I wrote back my willingness to meet Herr Bernfeld and received a time for our appointment from his secretary, an Herr Emmanuel Goldberg, by return post.
THE DAY OF my summons was one of those dark, cruel days too often imposed upon the Viennese during the winter. The sun never breached the woolen skies. I trudged through the snow, its flakes stinging my face, as though I were facing down an army of Chinese physicians. Taking every precaution, I’d bundled up in a cocoon of heavy winter clothing: a shapeless coat, thick gloves, a hood worn beneath my hat. Through an oval in its front, my face was exposed as little as possible to the elements.
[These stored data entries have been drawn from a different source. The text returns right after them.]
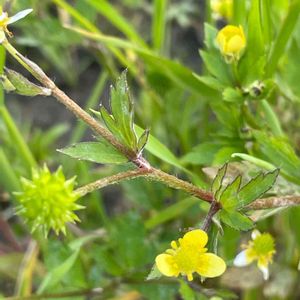 キツネノボタン 狐の牡丹 キンポウゲ科キンポウゲ属 おはようございます💕 今朝のらんまんはヘビイチゴでしたね☺️ どこにでもありそうでありふれてて写してない😨でも我が家の周辺では見当たらな〜い🥲💛 先日もpicしたキツネノボタンです。コンペイトウのような実が出来てました💚 オオバコもウハウハの草でしたが、なんと最近らんまんで出てきたような大きめの種類のオオバコを見ないのです😨💚 人里近くで人に踏んでもらって種を出し増えていくのに、踏まれなくなったからかしら⁉️ 今日の言葉 おまんら〜 全部名前あるが〜や 時計は又こうたらえい(買ったらよい)
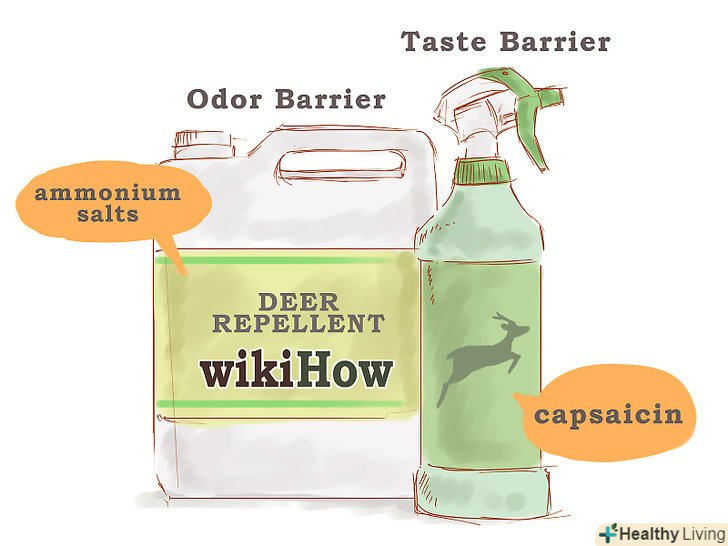 Купуйте готовий репелент від оленів, що продається в будівельних магазинах, збройових магазинах, великих супермаркетах і в Інтернеті.- Шукайте репелент, який забезпечує бар'єр від запаху. Вони часто бувають у вигляді порошку, кристалів або спреїв, з вмістом солі амонію.
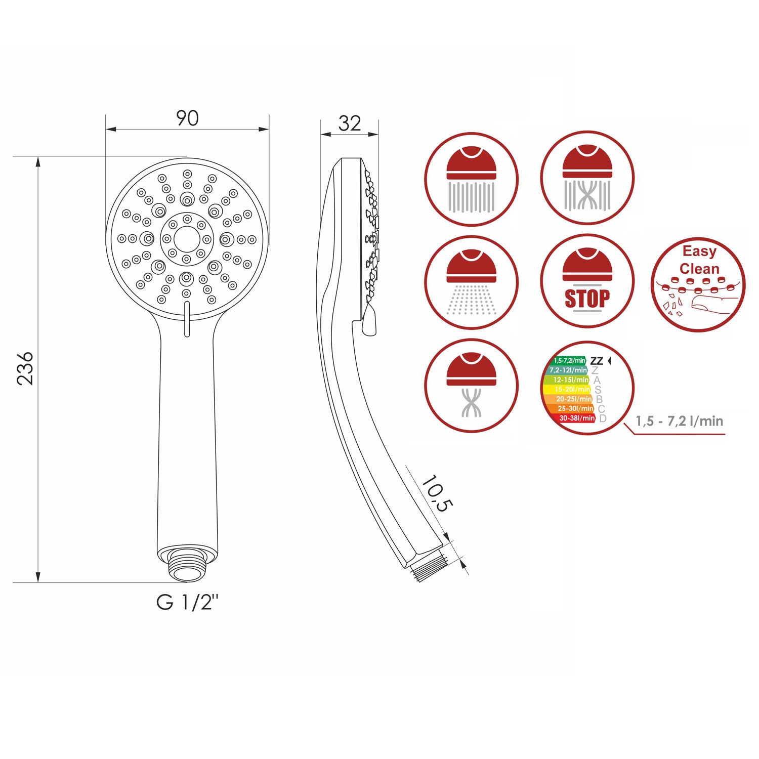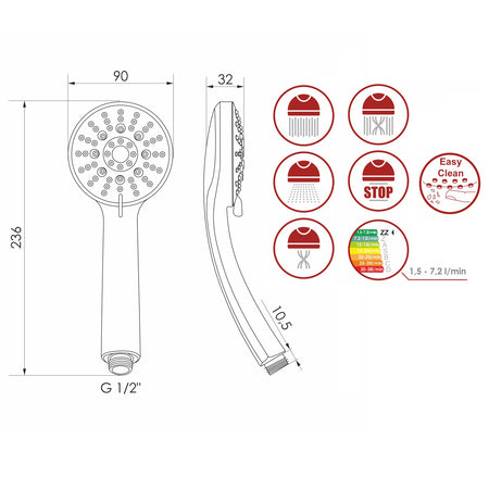 - Funkcje: spray, mgiełka, masaż, spray z masażem, stop.
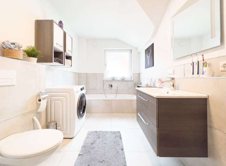 Ein weiterer Pluspunkt ist das wunderschöne Tageslichtbad, das sowohl über eine Badewanne als auch über eine Dusche verfügt. Durch den geräumigen Schnitt bietet das Tageslichtbad ausreichend Platz für diverse Badmöbel. Doch auch für Ihre Waschmaschine wäre Platz genug.
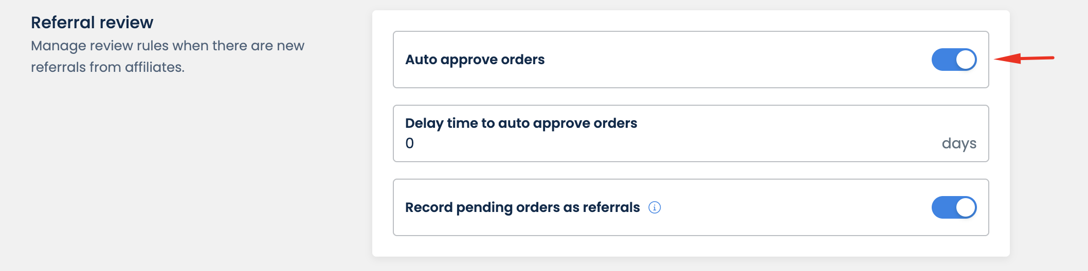 Manually reviewing and approving each referral might be very time-consuming, especially when you have a good affiliate team that brings in referrals regularly.  By turning on **Auto approve orders**, all newly tracked referrals will be approved automatically without waiting for you to review.

Around my neck, encircling it three times, so that it covered my chin, my ears, and even the tip of my nose, I’d wrapped a long scarf, and yet I trembled as I crossed the threshold into the Arcadia Club, and surrendered my things to the steward who greeted me at the cloakroom — if greeted is the word for such a sneering reception — impatiently holding out his hand for each item as I hurried to unbutton, unlace, unlatch, unloosen, and unravel the various garments I’d worn, until finally, I stood before him naked of my winterwear, weighed down only by an anxiety that rose in my solar plexus at the thought of my next task: winning from Herr Bernfeld the right to court his only child and heir.